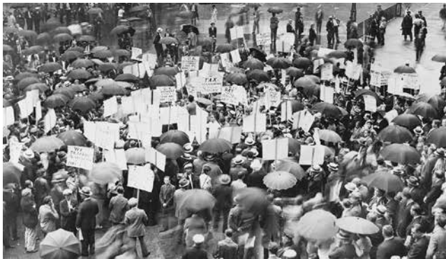
Crowd Outside Bank in New York, 1931
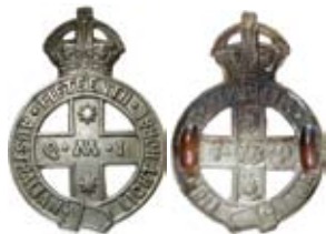
3442* Fifteenth Australian Light Horse (Q.M.I) , 1900-12, collar badge in white metal (27mm). Good very fine.
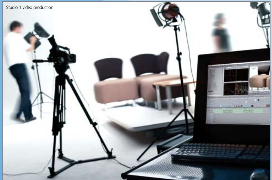
Studio 1 video production
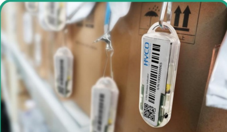
Delivery Service Station
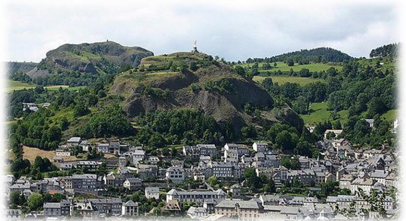
The picturesque Cantalian village of Murat
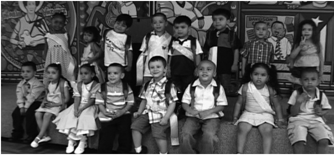
Completion Ceremony for Morris Heights Healthy Families participants was held on June 9th, 2007
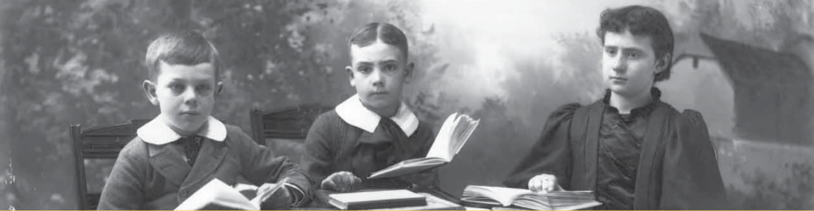
Students in the Early 20th Century
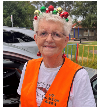
2026 Award Nominee – Senior Citizen of the year
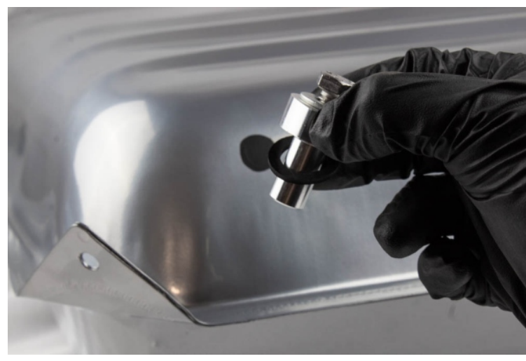
Insert fitting with gasket, screw and washer.

IMPORTANT NOTE: The fuel tank on your vehicle must be vented to avoid pressure building up inside the tank. Do not attempt to install and operate an EFI system without a properly vented fuel tank.
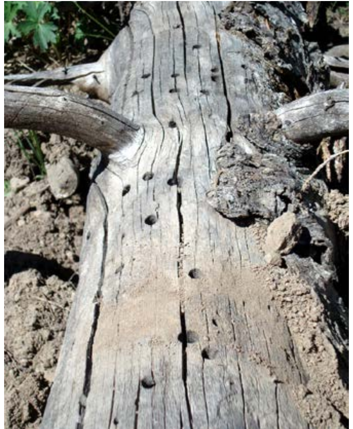
Fig. 8. Emergence holes of wood-boring beetles are often used by cavity-nesting bees.

Other species nest in wood. Large carpenter bees chew their own burrows in sound wood. In Utah, they are limited to the southern counties. Other wood nesters (e.g., mason bees, leaf-cutting bees, solitary wasps) adopt burrows left by wood-boring beetles in dry deadwood and sometimes other cavities (Fig. 8). Their local nesting needs can be met using drilled wooden blocks with paper straw liners, cut reeds or hard paper tubes of suitable dimensions (Fig. 9) (for more details, click here ). Regular sanitation and replacement of nesting substrates, such as straws, is necessary to help check multiplication of their diseases and parasites.
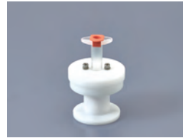
100AD-3S For 3 ml syringe

- What the task asks -
Look above for the line containing "Studio 1 video production", then copy exactly from it through the line containing "Insert fitting with gasket, screw and washer.", keeping both and leaving out pictures. Add nothing else.

- Answer to this task -
Studio 1 video production
Delivery Service Station
The picturesque Cantalian village of Murat
Completion Ceremony for Morris Heights Healthy Families participants was held on June 9th, 2007
Students in the Early 20th Century
2026 Award Nominee – Senior Citizen of the year
Insert fitting with gasket, screw and washer.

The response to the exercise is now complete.